§ Exercise data:
Segment Open

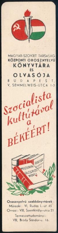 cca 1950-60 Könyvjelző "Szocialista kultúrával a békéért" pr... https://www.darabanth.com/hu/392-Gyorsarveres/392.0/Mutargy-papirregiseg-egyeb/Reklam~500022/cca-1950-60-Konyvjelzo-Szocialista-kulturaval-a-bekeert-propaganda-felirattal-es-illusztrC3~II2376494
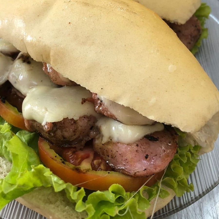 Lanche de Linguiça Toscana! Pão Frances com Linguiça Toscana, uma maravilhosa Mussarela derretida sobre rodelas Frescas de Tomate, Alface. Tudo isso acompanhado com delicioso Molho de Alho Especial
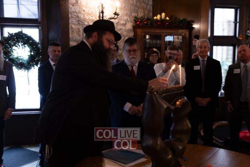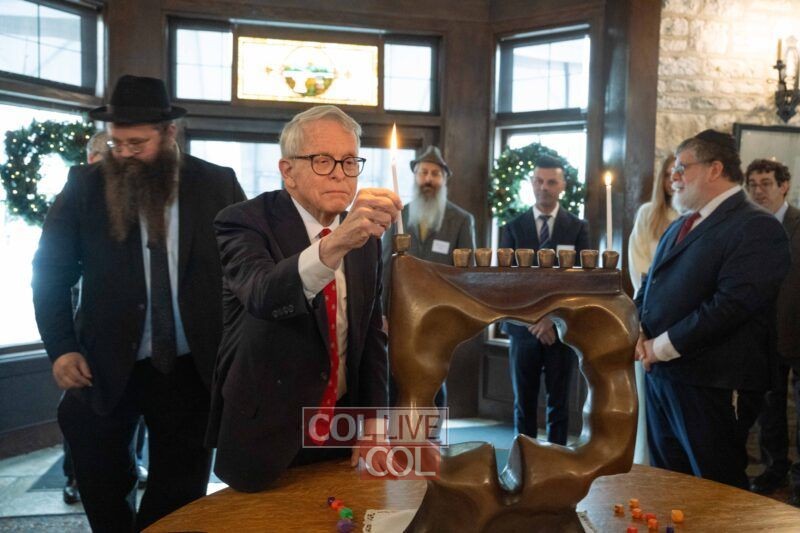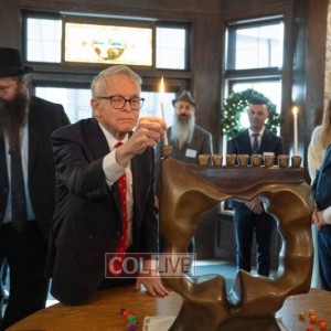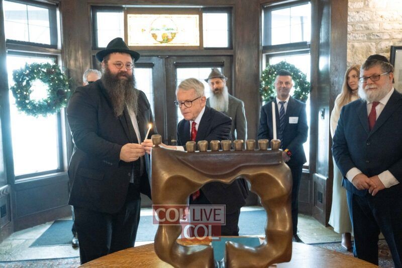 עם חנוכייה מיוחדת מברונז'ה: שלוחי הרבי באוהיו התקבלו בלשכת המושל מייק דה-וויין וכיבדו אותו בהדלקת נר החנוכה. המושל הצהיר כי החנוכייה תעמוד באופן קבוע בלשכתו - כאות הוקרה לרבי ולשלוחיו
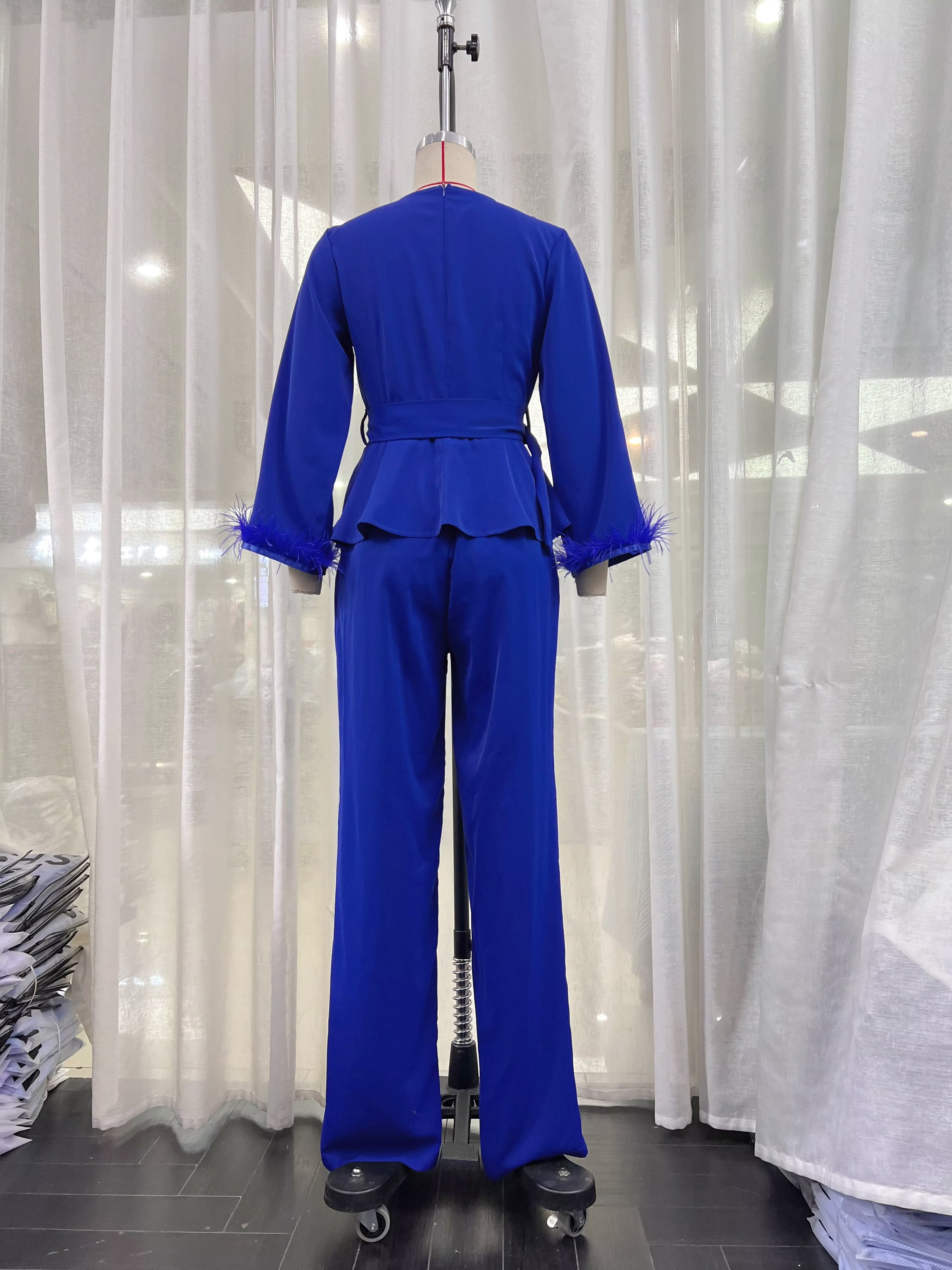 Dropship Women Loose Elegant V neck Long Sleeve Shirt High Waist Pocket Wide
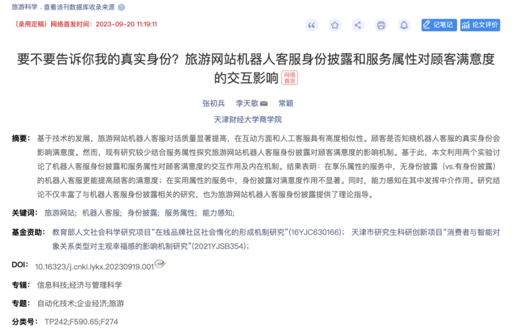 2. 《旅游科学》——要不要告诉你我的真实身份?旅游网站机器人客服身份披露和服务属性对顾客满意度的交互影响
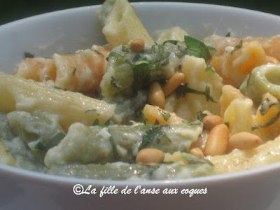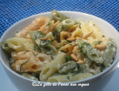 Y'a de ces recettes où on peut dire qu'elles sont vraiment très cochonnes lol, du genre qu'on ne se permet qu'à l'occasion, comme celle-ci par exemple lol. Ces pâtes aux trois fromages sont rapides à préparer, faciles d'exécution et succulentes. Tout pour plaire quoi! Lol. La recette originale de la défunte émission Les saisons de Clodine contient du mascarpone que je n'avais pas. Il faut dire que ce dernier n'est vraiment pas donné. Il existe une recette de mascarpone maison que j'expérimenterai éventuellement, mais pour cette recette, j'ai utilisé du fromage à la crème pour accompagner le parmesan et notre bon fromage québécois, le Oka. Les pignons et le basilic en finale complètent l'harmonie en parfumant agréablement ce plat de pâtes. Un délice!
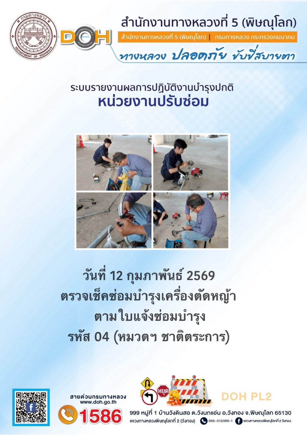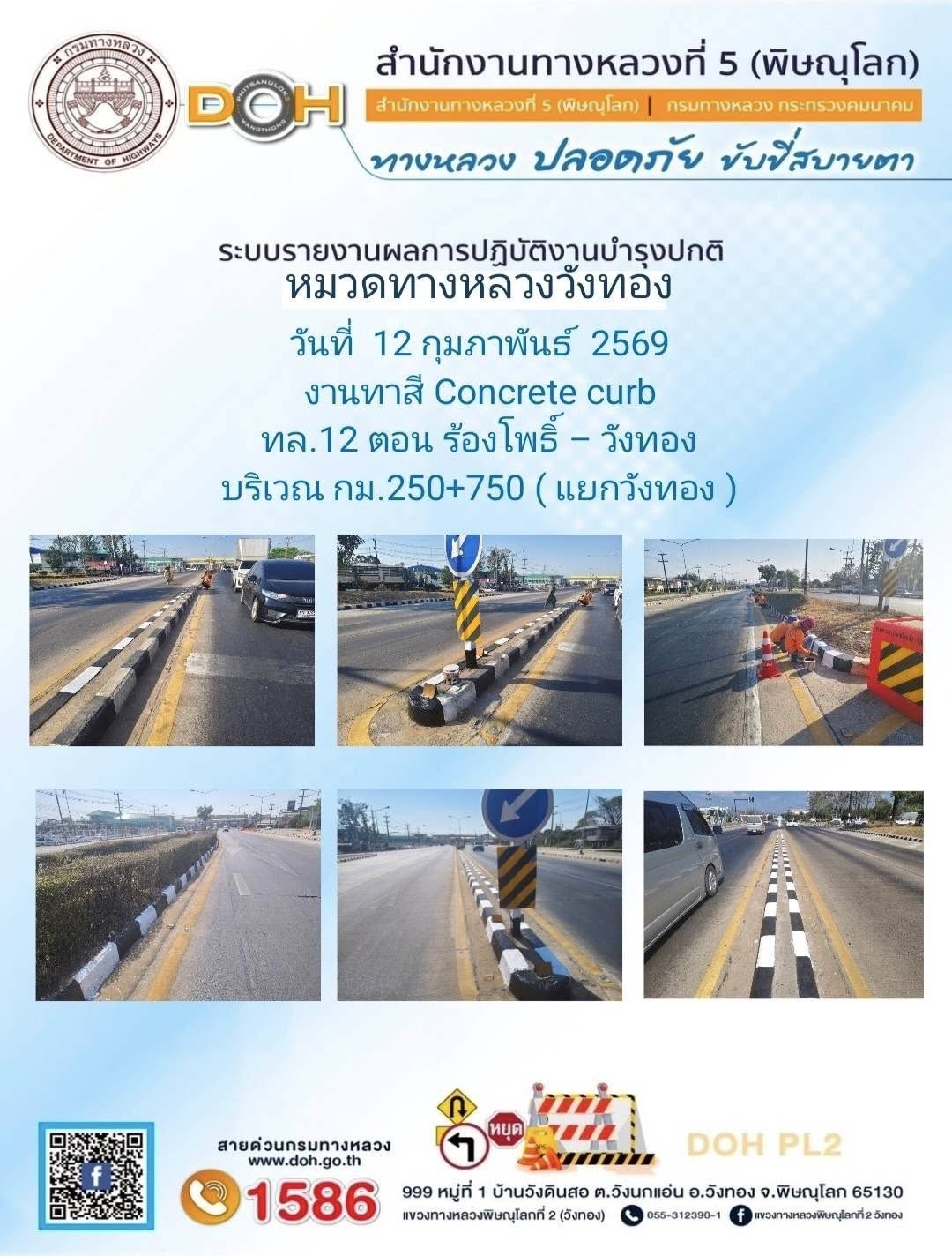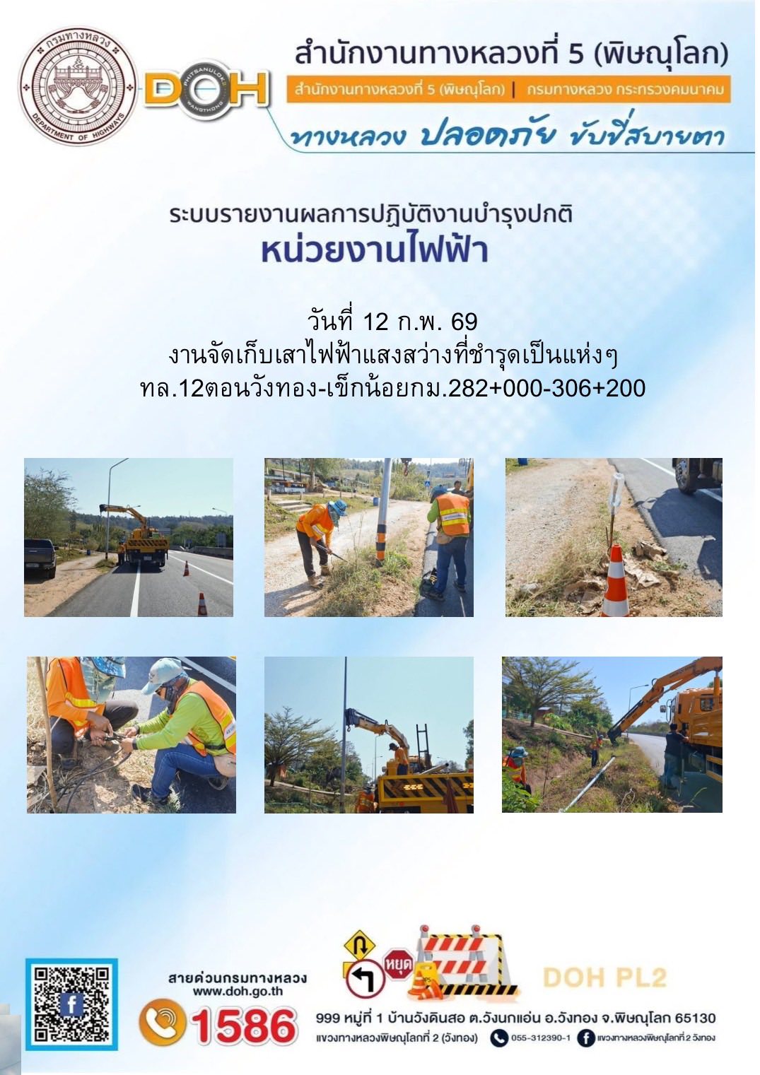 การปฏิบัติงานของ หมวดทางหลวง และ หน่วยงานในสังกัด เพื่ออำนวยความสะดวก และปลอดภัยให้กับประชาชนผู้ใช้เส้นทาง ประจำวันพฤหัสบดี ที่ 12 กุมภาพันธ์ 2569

Segment Closed
Segment Open

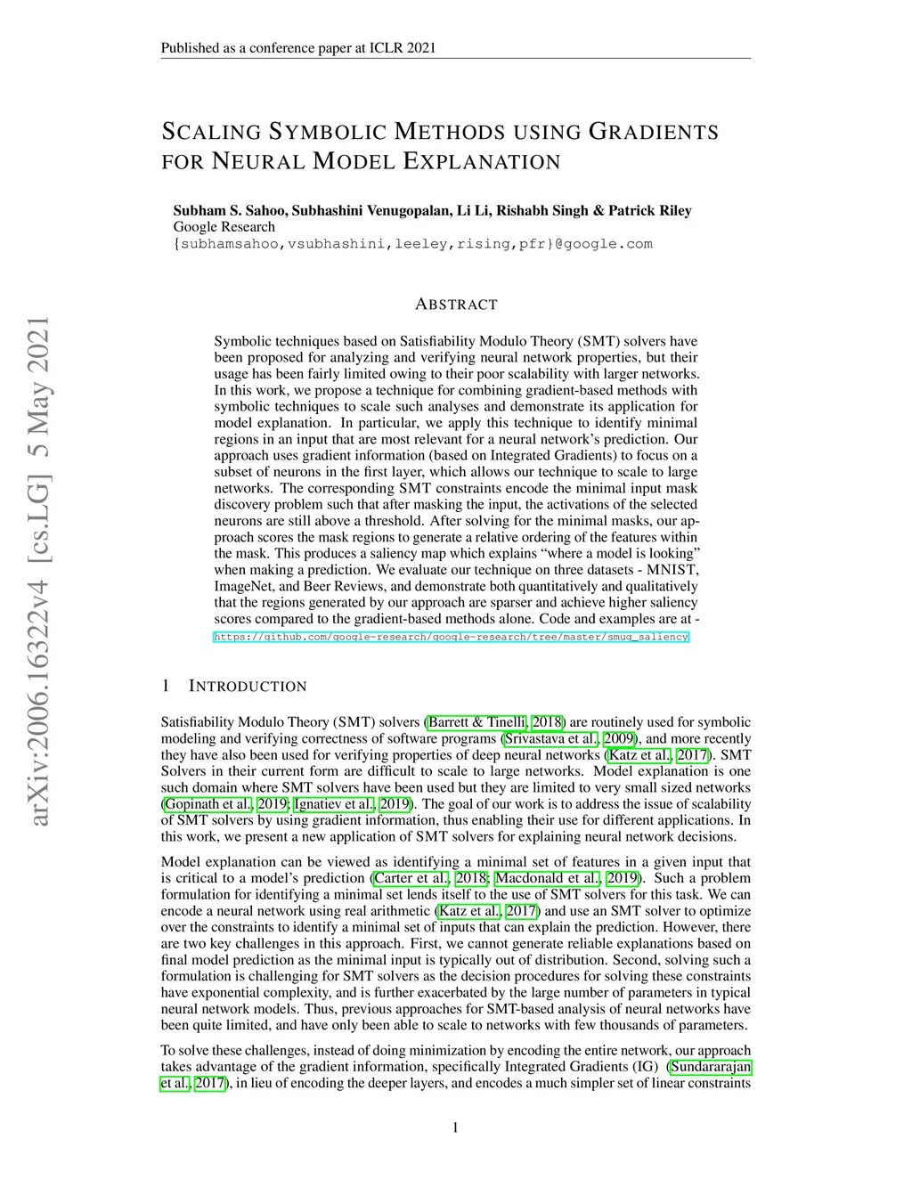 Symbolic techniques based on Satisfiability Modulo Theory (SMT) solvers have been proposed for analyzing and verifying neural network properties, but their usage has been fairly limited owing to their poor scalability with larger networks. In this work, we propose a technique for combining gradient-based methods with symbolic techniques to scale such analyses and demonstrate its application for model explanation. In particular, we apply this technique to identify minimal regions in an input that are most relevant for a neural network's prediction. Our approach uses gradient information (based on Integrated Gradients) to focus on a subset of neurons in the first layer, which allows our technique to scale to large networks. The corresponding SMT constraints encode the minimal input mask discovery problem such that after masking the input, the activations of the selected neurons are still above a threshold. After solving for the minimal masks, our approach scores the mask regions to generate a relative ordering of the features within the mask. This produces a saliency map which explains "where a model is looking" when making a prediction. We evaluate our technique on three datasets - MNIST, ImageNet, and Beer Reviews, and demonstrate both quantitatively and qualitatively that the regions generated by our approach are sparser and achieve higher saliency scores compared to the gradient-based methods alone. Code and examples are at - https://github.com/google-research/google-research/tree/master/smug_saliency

Segment Closed
Segment Open

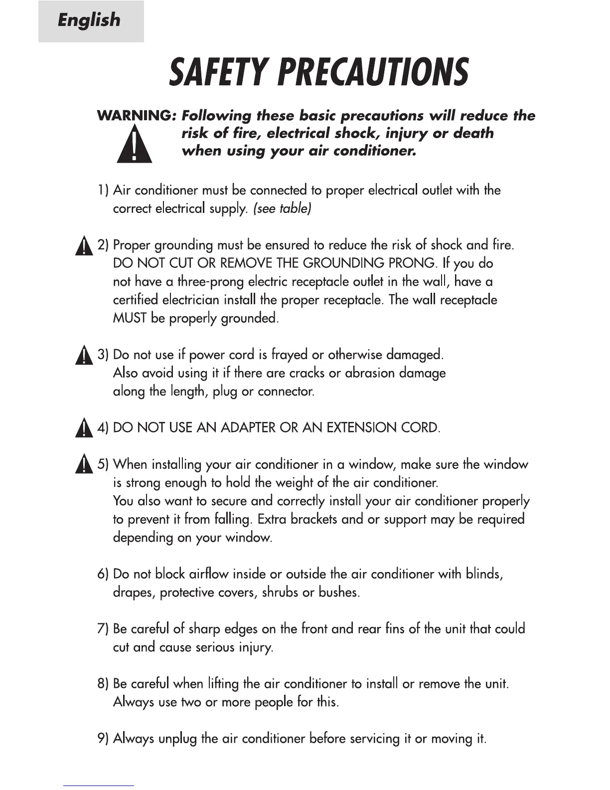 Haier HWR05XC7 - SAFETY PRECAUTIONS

Segment Closed

Each line between the one holding "Y'a de ces recettes" and the one holding "การปฏิบัติงานของ หมวดทางหลวง และ", inclusive, should be copied exactly as it appears above, and pictures should be omitted.

 Y'a de ces recettes où on peut dire qu'elles sont vraiment très cochonnes lol, du genre qu'on ne se permet qu'à l'occasion, comme celle-ci par exemple lol. Ces pâtes aux trois fromages sont rapides à préparer, faciles d'exécution et succulentes. Tout pour plaire quoi! Lol. La recette originale de la défunte émission Les saisons de Clodine contient du mascarpone que je n'avais pas. Il faut dire que ce dernier n'est vraiment pas donné. Il existe une recette de mascarpone maison que j'expérimenterai éventuellement, mais pour cette recette, j'ai utilisé du fromage à la crème pour accompagner le parmesan et notre bon fromage québécois, le Oka. Les pignons et le basilic en finale complètent l'harmonie en parfumant agréablement ce plat de pâtes. Un délice!
 การปฏิบัติงานของ หมวดทางหลวง และ หน่วยงานในสังกัด เพื่ออำนวยความสะดวก และปลอดภัยให้กับประชาชนผู้ใช้เส้นทาง ประจำวันพฤหัสบดี ที่ 12 กุมภาพันธ์ 2569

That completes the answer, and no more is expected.